Baramidze a auparavant été ministre de la Défense et ministre de l’Intérieur sous le règne de l’UNM. Il est également ancien ministre d’État chargé de l’intégration européenne et euro-atlantique et ancien vice-Premier ministre.

L’histoire fragile de la Géorgie avec l’accusation de « trahison »

Baramidze est la première personne accusée de trahison depuis que cette affaire a été réintroduite comme un crime par Georgian Dream en 2025. L’UNM avait aboli cet article du code pénal géorgien en 2007, les actes qu’il couvrait restant punissables en vertu d’autres dispositions du code.

Lorsque Georgian Dream a réintroduit la trahison dans le code pénal, des personnalités de la société civile ont déclaré que cette décision « n’avait aucun sens juridique ».

Le parti a fait valoir que la décision de rétablir l’article était politiquement motivée et que Georgian Dream cherchait à utiliser cette disposition pour qualifier ses opposants de traîtres.

Les représentants de Georgian Dream avaient également déclaré à l’époque que le rétablissement de l’article n’aurait aucun effet juridique.

Avant son abolition, plusieurs personnes avaient été reconnues coupables de haute trahison.

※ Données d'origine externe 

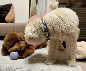 お兄ちゃんになりました🐾 レッドのトイプードルをお迎えしました🐻まめたろう2歳🐻❄️こたろう5か月🐻兄弟です🐾初めての多頭飼いで毎日わちゃわちゃと、楽しい生活が始まりました!こたろう🐻は、4か月からハグボックスですくすく育っています!おかげさまでお腹のトラブルもなく順調に成長しています🐾食欲も旺盛!これからもよろしくお願い
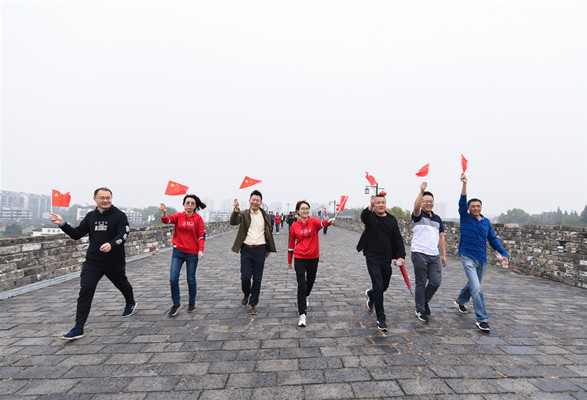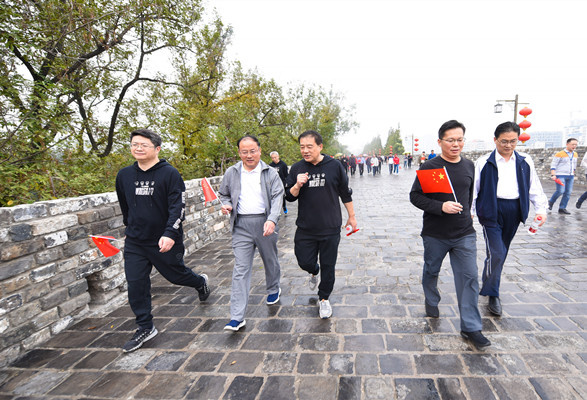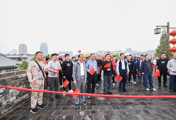 一路上,大家高举江苏开云手机平台和江苏水源公司旗帜,手持五星红旗,沿着古城墙,一边欣赏城墙内外风光,一边交流开云手机平台工程建设和运行管理工作中的心得体会,精神抖擞、斗志昂扬。
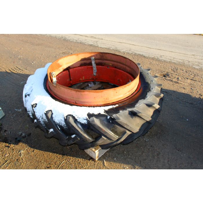 Hjul, däck och fälg inkklusive dubbelmontage med spännare. Märke: Goodyear Däckdimension: 13,6-3830% mönster kvar, torrsprickor förekommer.
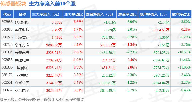 从资金流向上来看,当日传感器板块主力资金净流出11.35亿元,游资资金净流出1173.29万元,散户资金净流入11.47亿元。传感器板块个股资金流向见下表:
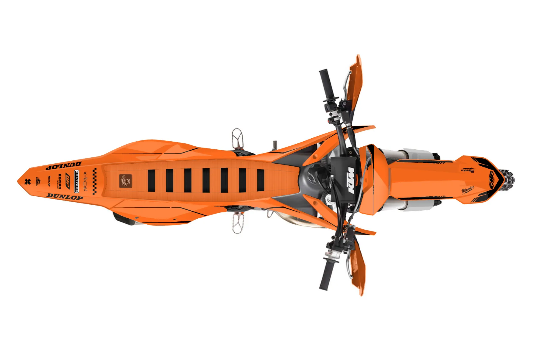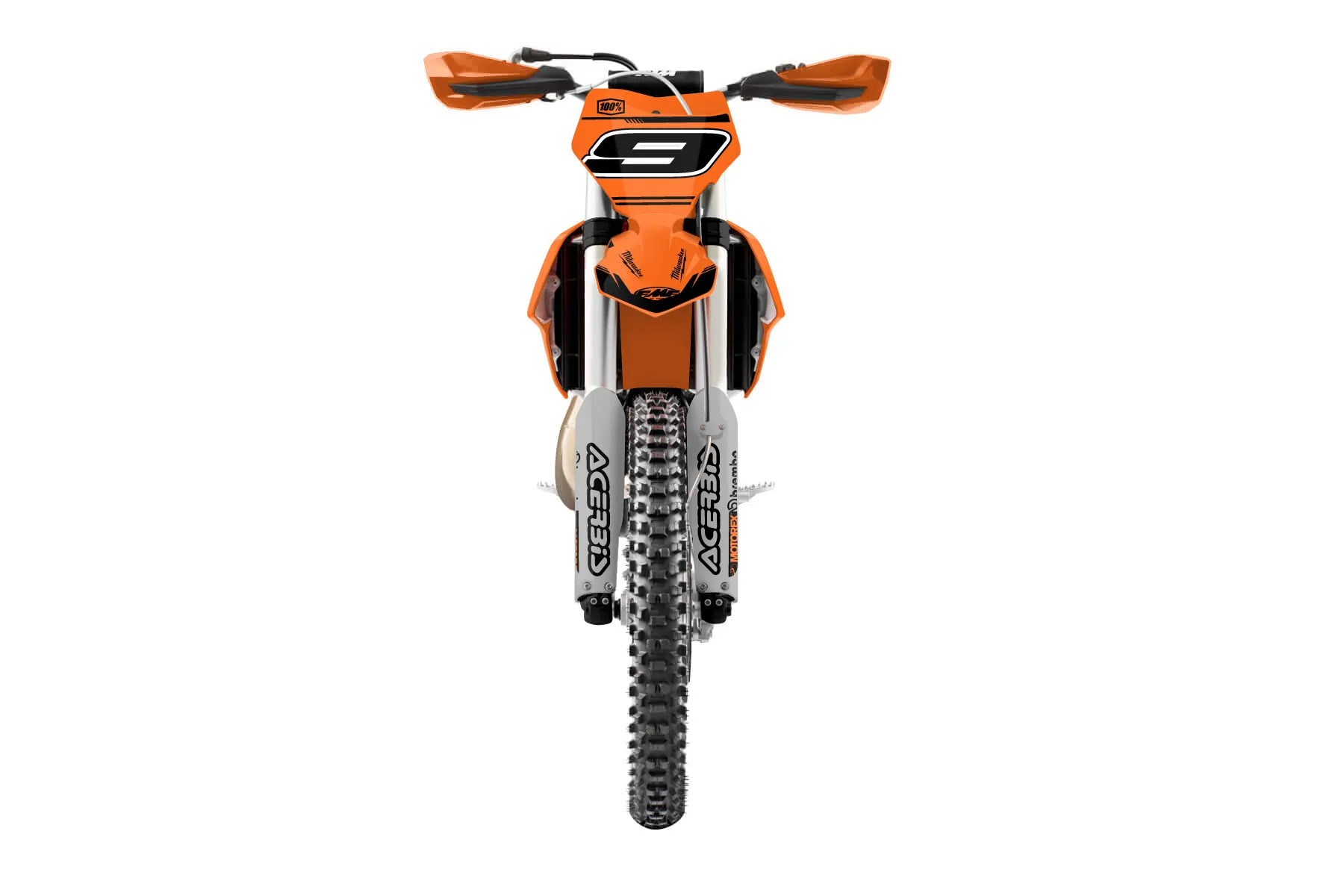 «orgblk ktm» — готовый комплект графики серии Untucked для KTM Offroad Graphic Kit KTM XC 300 2016. В комплекте: графика на бак и боковые облицовки, крылья (переднее и заднее), передний щиток, номерные таблички, защита вилки. Материал: ПВХ-винил 80 мкр с холодной ламинацией 300 мкр, общая толщина 380 мкр; покрытие глянцевое или матовое на выбор. Устойчив к UV-излучению, воде, бензину и мойке высокого давления. Клей акриловый на сольвентной основе — постоянный, для гибких пластиков. На простых поверхностях монтируется без нагрева; для сложных изгибов рекомендуем фен. Этот пресет можно заказать как есть или взять за основу в конструкторе: поменять цвета, добавить стартовый номер и свой бренд. Производство — 3–5 рабочих дней, доставка по России СДЭКом или Почтой, по СНГ — курьерскими службами.
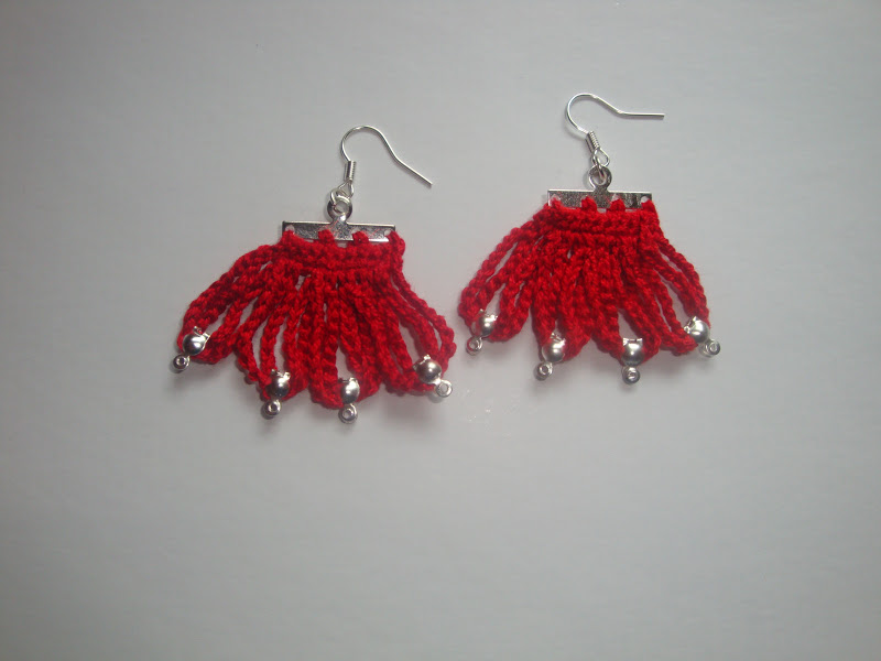Cercei realizati dintr-o baza metalica si o margine croseta din bumbac rosu.
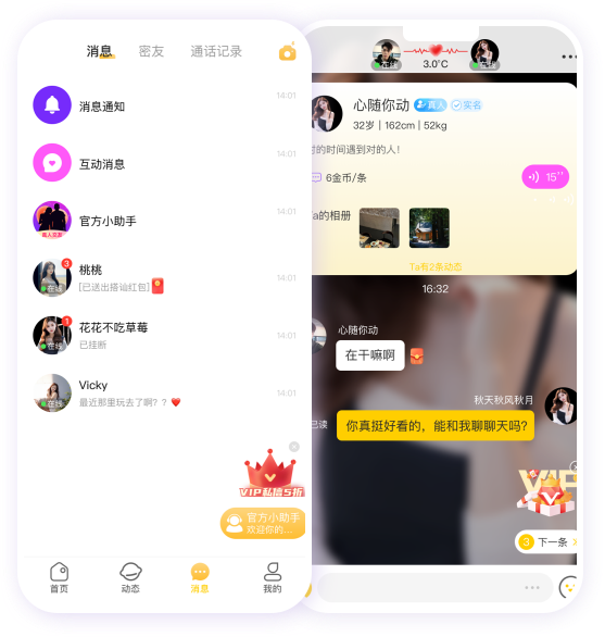 【视频约会】双方有意即可开启视频约会,高效帮助感情升温。
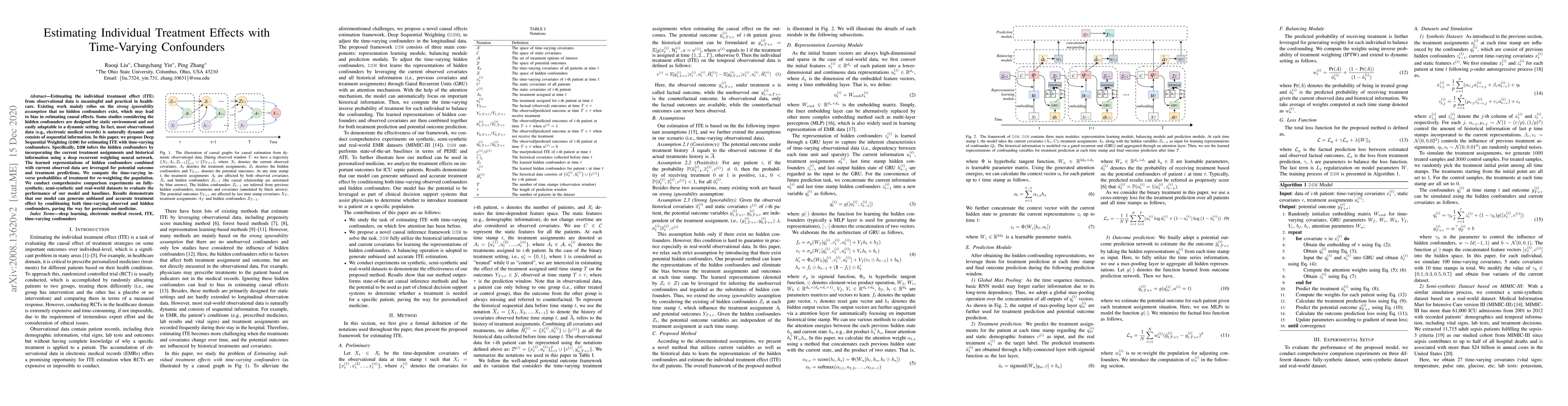 Estimating the individual treatment effect (ITE) from observational data is meaningful and practical in healthcare. Existing work mainly relies on the strong ignorability assumption that no hidden confounders exist, which may lead to bias in estimating causal effects. Some studies consider the hidden confounders are designed for static environment and not easily adaptable to a dynamic setting. In fact, most observational data (e.g., electronic medical records) is naturally dynamic and consists of sequential information. In this paper, we propose Deep Sequential Weighting (DSW) for estimating ITE with time-varying confounders. Specifically, DSW infers the hidden confounders by incorporating the current treatment assignments and historical information using a deep recurrent weighting neural network. The learned representations of hidden confounders combined with current observed data are leveraged for potential outcome and treatment predictions. We compute the time-varying inverse probabilities of treatment for re-weighting the population. We conduct comprehensive comparison experiments on fully-synthetic, semi-synthetic and real-world datasets to evaluate the performance of our model and baselines. Results demonstrate that our model can generate unbiased and accurate treatment effect by conditioning both time-varying observed and hidden confounders, paving the way for personalized medicine.

Parmi eux se trouvait Roman Dumbadze, ancien commandant de la 25e brigade de fusiliers motorisés à Batoumi, qui s’est opposé à l’ancien chef de la République autonome d’Adjarie, Aslan Abashidze, et a refusé d’obéir aux ordres du président Mikheil Saakachvili. Révolution des roses de 2003. Dumbadze a été jugé pour trahison en 2005.

Parmi les autres personnalités géorgiennes de haut rang accusées de trahison figurent Emzar Kvitsiani, l’organisateur du soulèvement des gorges de Kodori.

Kvitsiani a fui vers la Russie et est retourné en Géorgie en 2014 après l’arrivée au pouvoir de Georgian Dream. Cette année-là, un tribunal l’a reconnu coupable de sédition, mais en janvier 2015, il a été libéré à la suite d’un accord de plaidoyer avec le bureau du procureur général.

En septembre 2006, 13 partisans de l’ancien ministre de la Sécurité Igor Giorgadze ont été arrêtés sous des accusations de complot ou de sédition, qualifiées à l’époque de trahison. Le tribunal les a condamnés à la prison en août 2007, alors que l’article avait déjà été abrogé.